Sure. I mean, the trends we saw were, we had a record month of July as a business, and then we saw kind of a combination of COVID and summer vacations in the August timeframe. COVID had some impact on the September and October months, and so we definitely saw that. But we did see some pickup a little bit in the October month. But it definitely had a lingering effect into the fourth quarter, much like what you're hearing from a lot of other companies, the impact on COVID there. And that's all baked into our guidance in terms of our thoughts. Everything that we know as of today is kind of in our guidance. We reiterated our guidance of $2.70 million to $2.75 million for the full year, and we're confident in that number.

Unidentified Participant

And then just a quick follow-up on CONVERGE. As you've been training doctors in onboarding centers, how long does it take for doctors to get comfortable with the procedure and come up the learning curve? And when do you think we could really start seeing an inflection in procedure volumes?

Michael Carrel -- President, Chief Executive Officer & Director

I mean, for a doctor to get really comfortable, it typically takes about three to five cases where they feel comfortable, and I'd say 10 cases where they're getting really good at it.
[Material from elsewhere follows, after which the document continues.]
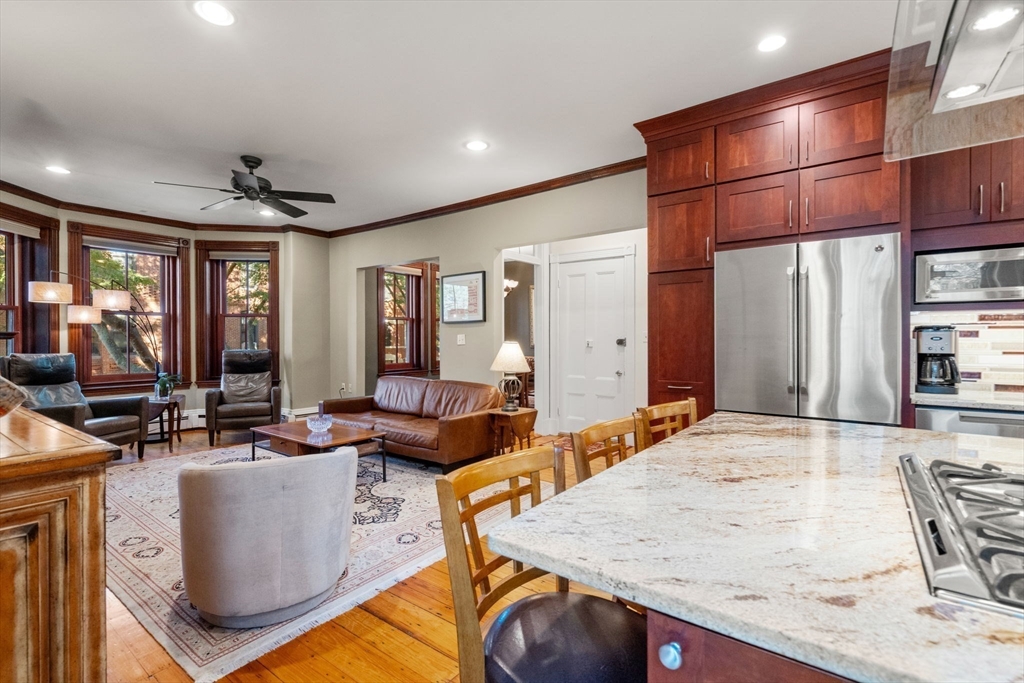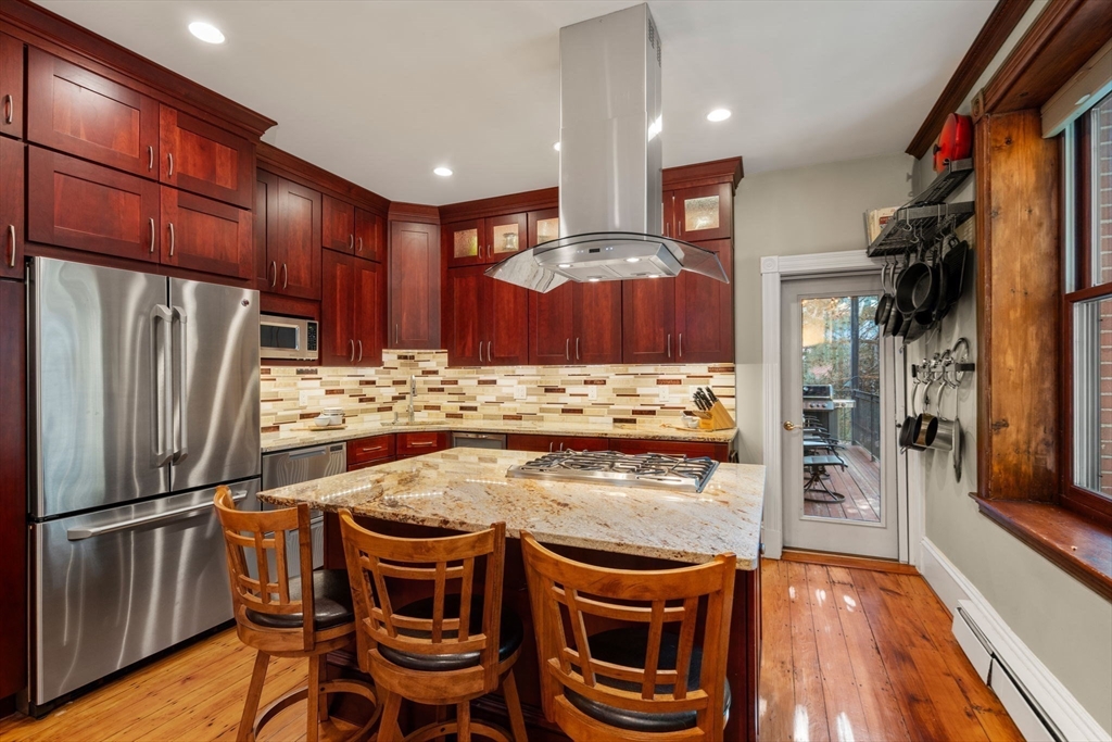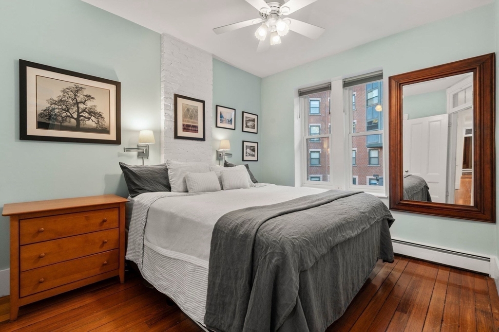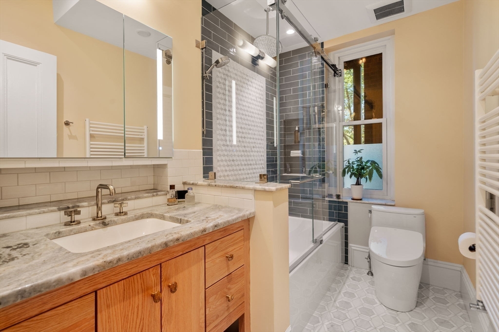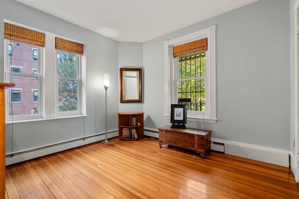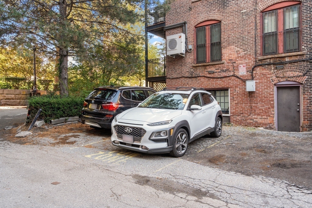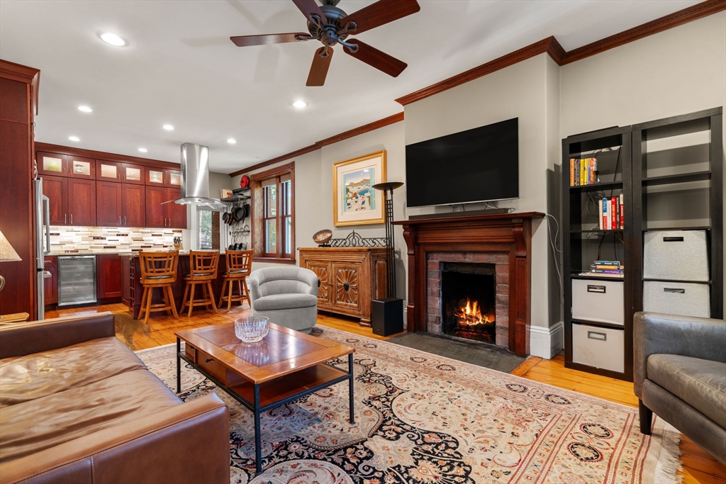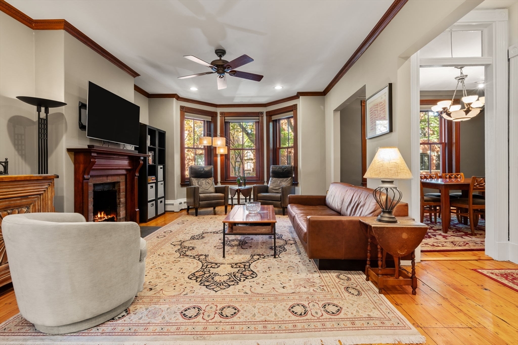 New Listing! South End. On The Park. Parking included. Wonderful Deck. Spectacular Rare Corner home with 13 windows + 3 exposures providing beautiful natural light. This home overlooks the Rose Garden at the Southwest Corridor Park. From the deck enjoy dining al fresco + morning coffee. Inviting living room, perfect for entertaining, with tall ceilings, wood floors, fireplace + a separate dining area which could also be used as a home office. Sleek Open plan kitchen w/ breakfast bar, stainless steel appliances, including gas cooking, stone countertops/breakfast bar + plenty of cabinetry/work surfaces. Stunning bathroom with custom tile work, tub + modern fixtures. In unit washer/dryer. Great closets including two walk ins. Additional bonus storage in basement. Picturesque leafy street with brick sidewalks & historic street lamps. Live in the exciting South End neighborhood near restaurants, shopping, green spaces + more.

And then I'd say that's kind of in terms of just the surgeon getting comfortable with understanding the maps from that perspective. In terms of kind of the inflection point or impact, it's going to be kind of a continuous growth for the next many, many years to come. It will take a system, let's call it, 6 to 12 months, to kind of really go through that process where they get trained, they start recruiting patients, they get their first patients in, they start to get comfortable with it, and then they kind of get to some critical mass over time. And so you're starting to see some of those sites that started at the beginning of the year, really start to get and open up a little bit more, and get more patients. Obviously, COVID has had an impact, so it's tough to kind of look through some of that, as we look at it right now. But I'd say that you're going to start to see continued growth into next year. It's one of the main reasons why, when Angie talked in her guidance, we talk about the fact that we're very comfortable that we will be able to grow at above historical numbers. So if you look before COVID, we were pretty consistent growing that 14% to 15% every year. Our seven year CAGR was about that. We will grow faster than that for the foreseeable future at this time.

Unidentified Participant

Great, thank you.

Operator

Our next question comes from Matthew O'Brien with Piper Sandler. Your line is open.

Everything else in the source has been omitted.